I’ve taken a poll and it’s official that weathermen are useless. (I’ll precede this anecdote by adding that I’m in Santa Rosa, CA for the Bissell team camp. More on that later.)Take today for example: This entire week, Thursday has been forecasted as the nice day sandwiched between a week of rainy days. Most forecasts on the various news and weather channels gave Thursday the “most sunny” or “small chance of showers” call. As a result we booked our photo shoot at the local municipal airport, because of lots of space, no traffic, and neato airplanes in the background. Yet, when I woke up this morning and flipped on the TV, there’s suddenly two inches of rain predicted for the day. TWO INCHES! How do you screw that up? The only way two inches of rain can accumulate is if it downpours rain the entire day. I’m speechless…
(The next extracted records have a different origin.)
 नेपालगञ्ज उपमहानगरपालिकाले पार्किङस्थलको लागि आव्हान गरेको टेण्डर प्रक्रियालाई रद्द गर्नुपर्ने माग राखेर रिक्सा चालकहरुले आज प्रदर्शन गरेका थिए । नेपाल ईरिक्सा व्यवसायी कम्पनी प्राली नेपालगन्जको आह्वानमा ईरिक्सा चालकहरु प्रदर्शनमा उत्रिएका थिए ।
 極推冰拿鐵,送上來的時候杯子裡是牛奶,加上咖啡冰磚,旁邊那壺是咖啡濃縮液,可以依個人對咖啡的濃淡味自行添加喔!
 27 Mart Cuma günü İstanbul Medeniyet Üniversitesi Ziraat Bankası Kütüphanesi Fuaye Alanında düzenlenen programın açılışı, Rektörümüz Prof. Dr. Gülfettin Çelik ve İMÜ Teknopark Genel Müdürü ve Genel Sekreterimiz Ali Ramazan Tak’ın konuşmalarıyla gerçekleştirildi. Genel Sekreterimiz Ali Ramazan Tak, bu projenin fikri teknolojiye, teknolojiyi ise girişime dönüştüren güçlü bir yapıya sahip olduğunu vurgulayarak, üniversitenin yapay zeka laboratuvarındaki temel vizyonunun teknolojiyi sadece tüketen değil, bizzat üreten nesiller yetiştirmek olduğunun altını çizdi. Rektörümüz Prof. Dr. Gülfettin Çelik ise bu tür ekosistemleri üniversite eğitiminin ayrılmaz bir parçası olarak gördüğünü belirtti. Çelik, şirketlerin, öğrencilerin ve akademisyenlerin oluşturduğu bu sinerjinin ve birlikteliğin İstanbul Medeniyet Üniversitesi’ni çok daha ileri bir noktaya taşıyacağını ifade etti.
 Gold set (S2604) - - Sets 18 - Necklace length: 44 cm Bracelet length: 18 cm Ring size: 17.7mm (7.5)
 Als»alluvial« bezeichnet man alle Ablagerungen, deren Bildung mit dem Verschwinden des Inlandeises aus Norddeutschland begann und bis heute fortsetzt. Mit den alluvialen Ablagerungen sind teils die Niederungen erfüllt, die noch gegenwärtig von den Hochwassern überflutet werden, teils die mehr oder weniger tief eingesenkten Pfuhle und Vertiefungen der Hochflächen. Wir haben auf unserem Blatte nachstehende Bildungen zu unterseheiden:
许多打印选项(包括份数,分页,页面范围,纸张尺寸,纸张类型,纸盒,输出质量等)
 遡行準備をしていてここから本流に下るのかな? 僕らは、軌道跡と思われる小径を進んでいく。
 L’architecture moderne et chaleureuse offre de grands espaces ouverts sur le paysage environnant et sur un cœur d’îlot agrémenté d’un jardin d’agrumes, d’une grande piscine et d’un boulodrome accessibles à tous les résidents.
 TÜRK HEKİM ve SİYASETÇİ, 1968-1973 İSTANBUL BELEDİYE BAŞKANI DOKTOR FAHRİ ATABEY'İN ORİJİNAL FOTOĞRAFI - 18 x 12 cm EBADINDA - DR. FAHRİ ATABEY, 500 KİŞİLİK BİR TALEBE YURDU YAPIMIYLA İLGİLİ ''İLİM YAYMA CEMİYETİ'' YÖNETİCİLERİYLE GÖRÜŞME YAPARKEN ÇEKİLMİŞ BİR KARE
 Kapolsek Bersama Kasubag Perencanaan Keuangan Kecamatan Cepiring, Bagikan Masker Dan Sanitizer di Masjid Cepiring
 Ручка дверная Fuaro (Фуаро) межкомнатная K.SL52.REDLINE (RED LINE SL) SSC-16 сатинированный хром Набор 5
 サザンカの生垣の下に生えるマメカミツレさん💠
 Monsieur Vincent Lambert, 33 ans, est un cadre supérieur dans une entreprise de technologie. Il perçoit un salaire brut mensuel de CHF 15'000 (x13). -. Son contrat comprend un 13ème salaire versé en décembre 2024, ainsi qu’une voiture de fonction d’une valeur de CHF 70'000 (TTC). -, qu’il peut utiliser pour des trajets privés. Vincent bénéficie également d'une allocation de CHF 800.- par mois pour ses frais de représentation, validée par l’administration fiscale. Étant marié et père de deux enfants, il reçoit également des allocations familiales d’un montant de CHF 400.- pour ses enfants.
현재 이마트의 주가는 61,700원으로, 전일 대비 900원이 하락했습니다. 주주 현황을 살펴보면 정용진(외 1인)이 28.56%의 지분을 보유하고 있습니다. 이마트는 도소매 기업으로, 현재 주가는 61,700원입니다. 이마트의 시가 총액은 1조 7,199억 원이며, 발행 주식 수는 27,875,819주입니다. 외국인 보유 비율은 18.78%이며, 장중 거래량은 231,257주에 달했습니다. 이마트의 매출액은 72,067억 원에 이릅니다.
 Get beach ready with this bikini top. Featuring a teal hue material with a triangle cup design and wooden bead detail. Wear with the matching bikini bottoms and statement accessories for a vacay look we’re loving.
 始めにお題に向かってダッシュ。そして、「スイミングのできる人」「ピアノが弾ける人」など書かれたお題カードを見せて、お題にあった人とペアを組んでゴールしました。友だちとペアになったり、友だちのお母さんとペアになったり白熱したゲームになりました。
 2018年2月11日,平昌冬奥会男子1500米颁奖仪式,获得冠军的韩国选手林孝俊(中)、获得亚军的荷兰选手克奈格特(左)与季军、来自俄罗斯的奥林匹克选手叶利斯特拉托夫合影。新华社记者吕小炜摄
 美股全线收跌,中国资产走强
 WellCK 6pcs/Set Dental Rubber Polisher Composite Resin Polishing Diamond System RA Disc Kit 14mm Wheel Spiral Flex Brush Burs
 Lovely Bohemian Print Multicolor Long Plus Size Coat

Most of January in Asheville has been a similar story. I set out most weeks trying to mash as many hours on the bike as possible. I’m a salt-of-the-earth New Englander and fully appreciate the four seasons, even if it makes me cringe as a bike rider when I see cold and snow in the forecast. Asheville isn’t pure Southern living and therefore definitely has four seasons, but just slightly less dramatic than New England. However, in the words of Lloyd Christmas, what really chaps my ass is when a particular day is given a 0% chance of rain, but not even 90 minutes into a four hour ride, I’m stuck in a blizzard! This picture is at the very start of the storm and I couldn’t get another shot in later since I was worried about not feeling my fingers and dropping my camera.
That and because the temperature dropped about 20 degrees, it was snowing sideways, and I was fearing for my life on account of the dangerous weather and the horrendous drivers. Yikes. Visibility dropped to four feet, my bike was caked in snow (a la TUSB), and it was accumulating fast. Apparently I’m soft because that ride was cut slightly short.
At the end of the day, I suppose what really riles me up is the degree by which the weathermen are wrong. It’s not just being wrong by predicting sleet and having it actually snow; nope, it’s the forecast that’s 180 degrees from reality that bugs me. There’s all sorts of stupidly named weather forecasting machines, like “FutureCast 3000.” I think a more aptly named device – and far less expensive – is the “Flip-A-Coin-Point-Two-Five.” Or perhaps they should just issue a disclaimer at the end to the effect of the weather blurb saying, “…buuuuuuuut truth be told, we really have only a one in ten chance of being correct on this. One. Not a bad idea to take along the umbrella.” Uggh, it bugs the heck outta me.
On a lighter note, the team has descended upon Santa Rosa for the first group meeting of 2008. It’s kind of like Christmas in January with tons of new stuff: bikes, gear, clothes, swag, etc. It’s a blast. Yup, camp is officially underway, and we’re spending today socked inside and taking lots of pictures. It’s a lengthy process that makes me feel like some cross between a professional model and an observer-of-paint-drying. Here’s Aaron with an entire team of photographers hard at work.
But after a tough day of sitting on our butts, professional athletes really need to refuel, so here’s a smorgasbord of tasty lunch meets, tortillas, carrots, cookies, salsa, and more. Yum.
Lots of long and difficult rides on the horizon, so wish us good luck with the weather. Lord knows the forecast is a far cry from what it’ll turn out to be.
Oh, and in other news, today is mybirthday. I don’t know if it’s just a coincidence or because I’m awesome, but I’m the featured Rider of the Day on Velonew’s beta site today. Yeeaaahhh, chances are good it’s on account of being awesome.